* [ACTION ITEM]: Take the records below and set down exactly the lines from the one with "T8 TWS Fone" to the one with "The breathalyser uses", ends included; do not copy the pictures.

──────── DATASET CONTENT

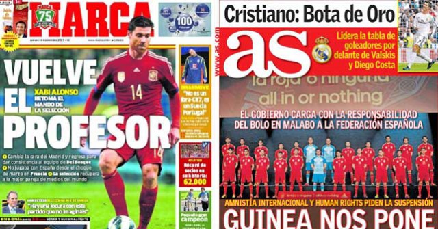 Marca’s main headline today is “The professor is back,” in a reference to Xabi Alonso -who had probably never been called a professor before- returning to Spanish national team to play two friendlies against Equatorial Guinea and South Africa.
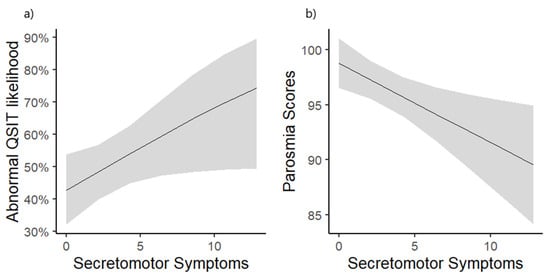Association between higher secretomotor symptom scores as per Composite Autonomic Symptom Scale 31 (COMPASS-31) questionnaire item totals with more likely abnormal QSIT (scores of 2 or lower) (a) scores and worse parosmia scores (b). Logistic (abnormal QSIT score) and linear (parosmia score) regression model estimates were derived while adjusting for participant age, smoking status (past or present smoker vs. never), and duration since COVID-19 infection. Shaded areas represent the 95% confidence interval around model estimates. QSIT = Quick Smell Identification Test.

────────────────
──────── DATASET CONTENT

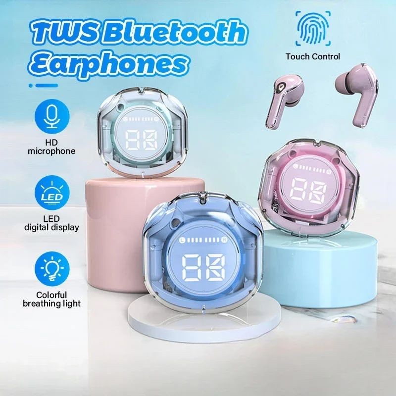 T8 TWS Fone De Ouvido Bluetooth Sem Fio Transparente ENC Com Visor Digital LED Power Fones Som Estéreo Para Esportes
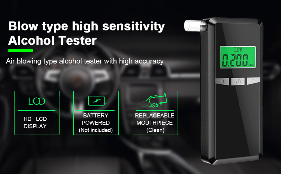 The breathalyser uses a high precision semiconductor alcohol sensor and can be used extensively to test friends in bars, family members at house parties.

────────────────

* [EXERCISE RESPONSE]:
 T8 TWS Fone De Ouvido Bluetooth Sem Fio Transparente ENC Com Visor Digital LED Power Fones Som Estéreo Para Esportes
 The breathalyser uses a high precision semiconductor alcohol sensor and can be used extensively to test friends in bars, family members at house parties.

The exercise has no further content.